Из ванной комнаты выходит Роман, юноша 20 лет; волосы его мокрые, на тело наброшен банный халат. Закинув ноги на спинку, он разваливается на диване. Взяв со стола пульт, включает телевизор. Затем вынимает из пачки, лежащей на столе, сигарету и, прикурив от зажигалки, жадно затягивается. Несколько минут он попеременно то курит, то прикладывается к банке с пивом. На экране телевизора демонстрируется танцевальный клип. Роман бросает пивную банку на стол, тушит сигарету, затем легко соскакивает с дивана, делает громче звук и принимается весело бегать, скакать по комнате и танцевать.
Танцуя, Роман останавливается против аквариума, заглядывает в него.
РОМАН. Эй, Золотая рыбка! Какая же ты все-таки зануда. Потанцуй со мной! Брось отмораживаться и киснуть, скажи хоть пару слов. Смотри, как мне весело! Я могу танцевать один, и никто мне не нужен. Не веришь? Гляди! (Неистово кружится по комнате. Подлетает снова к аквариуму.) До чего же у тебя, Золотая рыбка, рожа мрачная! Ну, давай, потанцуй! Улыбнись, Золотая рыбка! А хочешь, я выполню три любых твоих желания? Хочешь? Постой, я попробую угадать… (Пауза.) Ага, ты хочешь, чтоб я станцевал нагишом? Нет проблем! (Скидывает с себя халат и голым танцует, носится по комнате.
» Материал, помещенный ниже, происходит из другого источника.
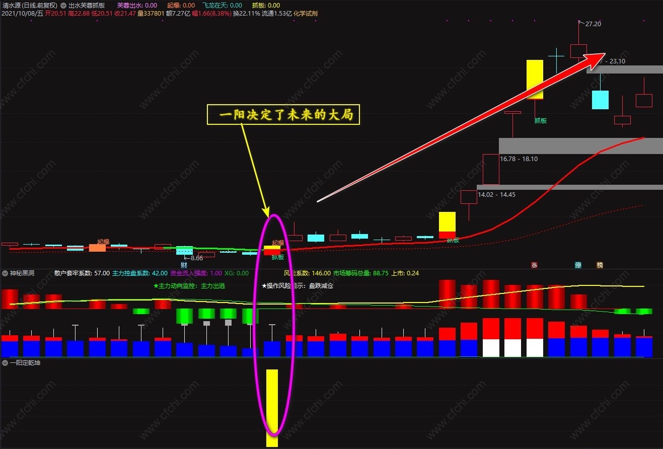 (【一阳定乾坤】通达信一阳定乾坤副图选股指标,配合芙蓉出水+神秘黑洞效果更佳!源码分享)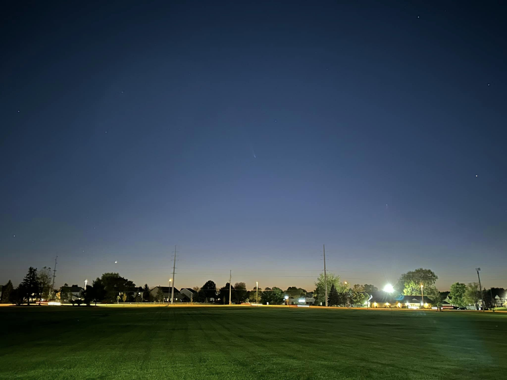 On the evening of October 16th, a neighbor and I went to a local elementary school to observe the comet. There were many parking lot lights, but I was able to get a picture with my phone.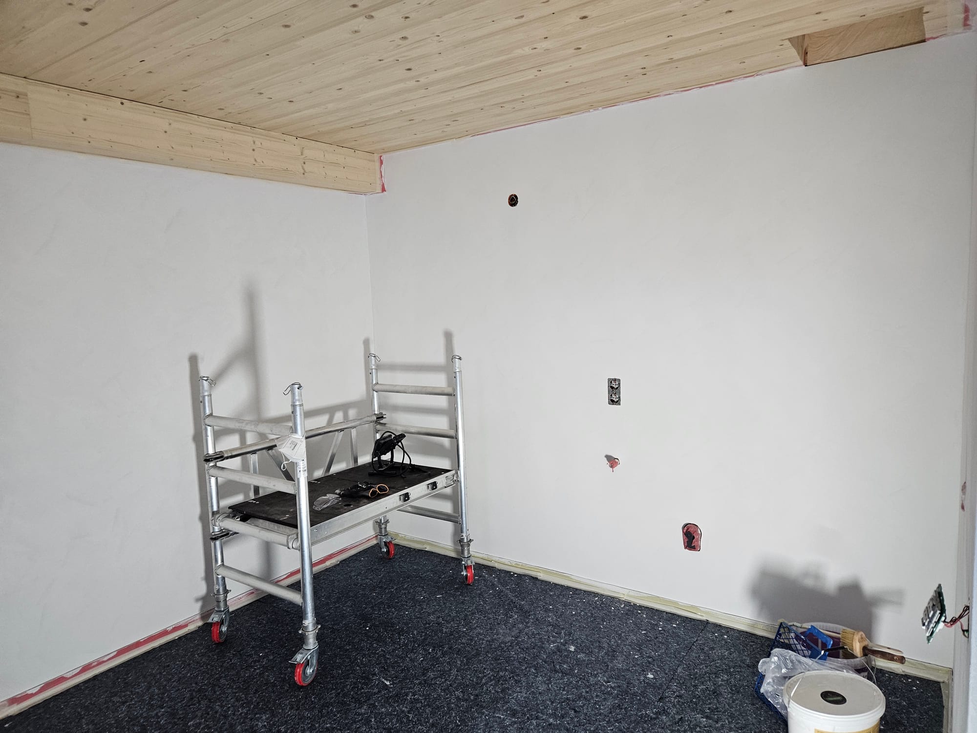 Der Großteil Elektro ist geschafft Was ist passiert? * Alle Kabel in den Dachboden gezogen * Kabel in den Heizkreisverteiler gezogen * Alle Beleuchtung gezogen Welche Firmen waren vor Ort? * Wir Sonstiges * 200m Leerohr gelegt * 200m Kabel gezogen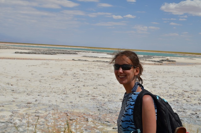 San Pedro is a charming little, dusty town. Well, it’s in the middle of a desert. With its dusty, sandy roads and little adobe houses it could be a perfect set for a western movie. It is a tourist hub but you could hardly tell. The streets aren’t crowded and the restaurants maintained their local character. You tell you are in Chile; the tourist infrastructure is good and access to tourist information is very well organized. The locals are constantly smiling and they are very keen to give you all sort of information, chat with you and help you with everything you need. The place is in the middle of the driest desert in the world; always sunny and warm. We loved being here, finally at only 2000 meters instead of 4000 above the sea level. We took advantage of being at “a lower altitude” and we rented bicycles. We cycled for 50 km in the driest desert in the world, at midday. At the end it appeared to be (and it was) the best, the cheapest and the most stunning way to see the surroundings. We rode 25 kilometers to Laguna Cejar and back to Sam Pedro. Laguna Cejar is a salty lagoon. Very salty in fact; 8 times more than the ocean. It is like the Dead Sea. We spent time floating in the water and when we got out we were completely covered in salt. Luckily the place is equipped with showers (so nice to see that the entrance fee to the Laguna is used properly). We stayed a bit on the nearby beach and walked around to admire the spectacular views of the Lagunas, mountains and the desert. The sun is so strong that you cannot stay here too long, you need to search for a shadow…and it is not easy as you are in the desert. Although biking here was not easy, we really appreciated our choice. On our way back to the town we saw tens of vans with tourist coming towards the Laguna. This means that all the organized tours come here at the same time, give you half an hour or so for a bath and then they departure. We were here with maybe 10 other people, mostly locals and enjoyed our time in almost total peace and quiet. I definitely would recommend you hire a bike but leave early in the morning instead of riding in the midday sun! I also reccomand to bike to Valle de La Luna for a spectacular sunset. It’s only 15 km away from San Pedro and it’s a very pleasant trip done in the evening. Remember to check if your bike lights work properly. Hiring the bikes n San Pedro is not an issue at all. Ciclo Aventura Atacama has a good variety of bikes and a super friendly staff. Also many hostels have a service of bike rentals. As said, you will not have a problem finding a bike here.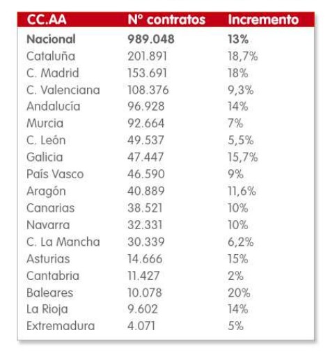 Si comparamos los datos actuales con los de 2014, podremos observar que todas las comunidades españolas van a generar un mayor número de contratos este año con respecto al año anterior. Cabe destacar los incrementos de Baleares, cercano al 20%; Cataluña, que se queda en el 18,7% y el de la la Comunidad de Madrid, que rondará el 18%.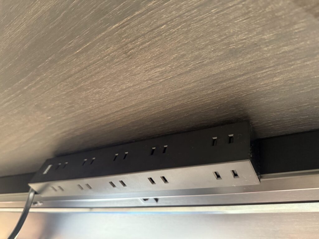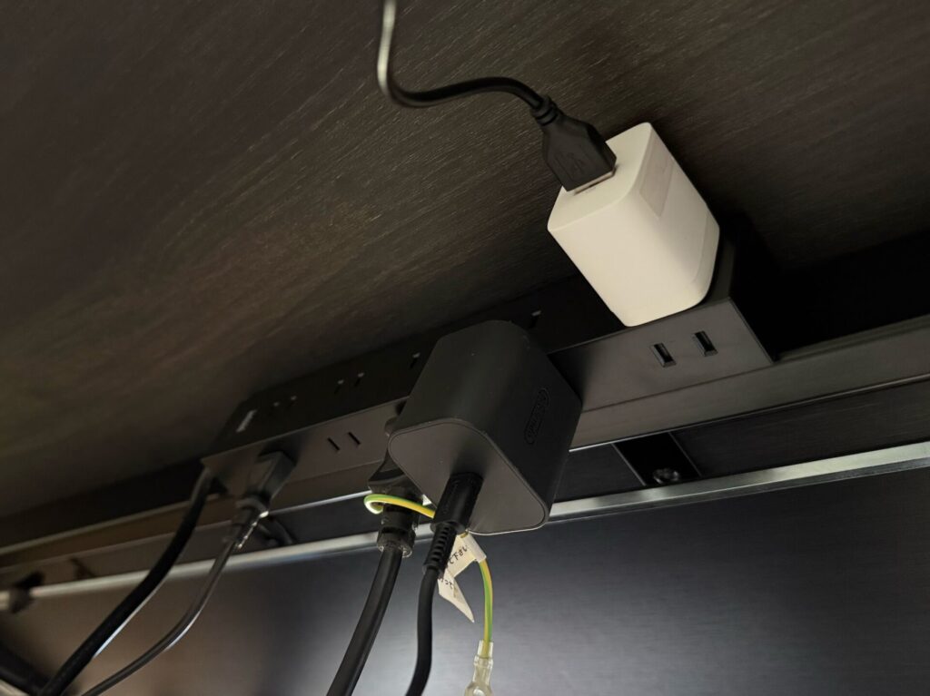ただ、デスク裏に設置しているので、USBポートがあっても使いにくいと思います。スマホの充電は充電スタンドや別途USB充電器をコンセントに挿して使っているので、特に困っていません。

Подбегает к аквариуму.) Ну что, клево? Тебе уже веселей? Это что, это – только начало! Сейчас я тебе такое покажу! (Поднимает с пола халат, набрасывает его на себя и на миг забегает в ванную – выскакивает оттуда с игрушкой для пускания мыльных пузырей.) Гляди, это ответ на твое второе желание! Шоу мыльных пузырей специально для моей Золотой рыбки!
(Роман принимается пускать мыльные пузыри. Вскоре полкомнаты заполняется разноцветными блестящими мыльными пузырями. Роман беззаботно хохочет. Из аквариума доносится громкое бульканье, словно в нем закипела вода. Молодой человек радостно вопит.)
Что я слышу? Золотая рыбка, ты радуешься вместе со мной! Я люблю тебя, Золотая рыбка!
(За входной дверью внезапно раздаются шаги и мужские голоса.)
Голос ВОЙНОВИЧА. Не надо, я сам. Ждите меня внизу, у парадного. Один человек пусть встанет у черного входа. Это – приказ! Все, выполняйте.
(В следующий миг над дверью взрывается звонок. Роман невольно вздрагивает, застывает на месте, сутулится, как загнанный зверь. Его словно подменили – и следа не осталось от его веселого настроения. Звонок неистово трезвонит в другой раз. Роман медленно, через силу плетется к двери. За два шага до двери он подходит к зеркальному шкафу, с минуту вглядывается в свое унылое, расстроенное отражение, поправляет полы халата и вдруг обнаруживает в кармане игрушку для пускания мыльных пузырей. Невесело улыбается ей, переводит взгляд на аквариум. Звонок взрывается в третий раз. Роман нехотя прячет игрушку в халат и наконец отпирает дверь. На пороге Войнович – генерал, диктатор одной восточно-европейской страны, 55-60 лет. Роман застывает в оцепенении. Войнович проходит в центр комнаты, бегло осматривает ее, затем поворачивается к Роману.)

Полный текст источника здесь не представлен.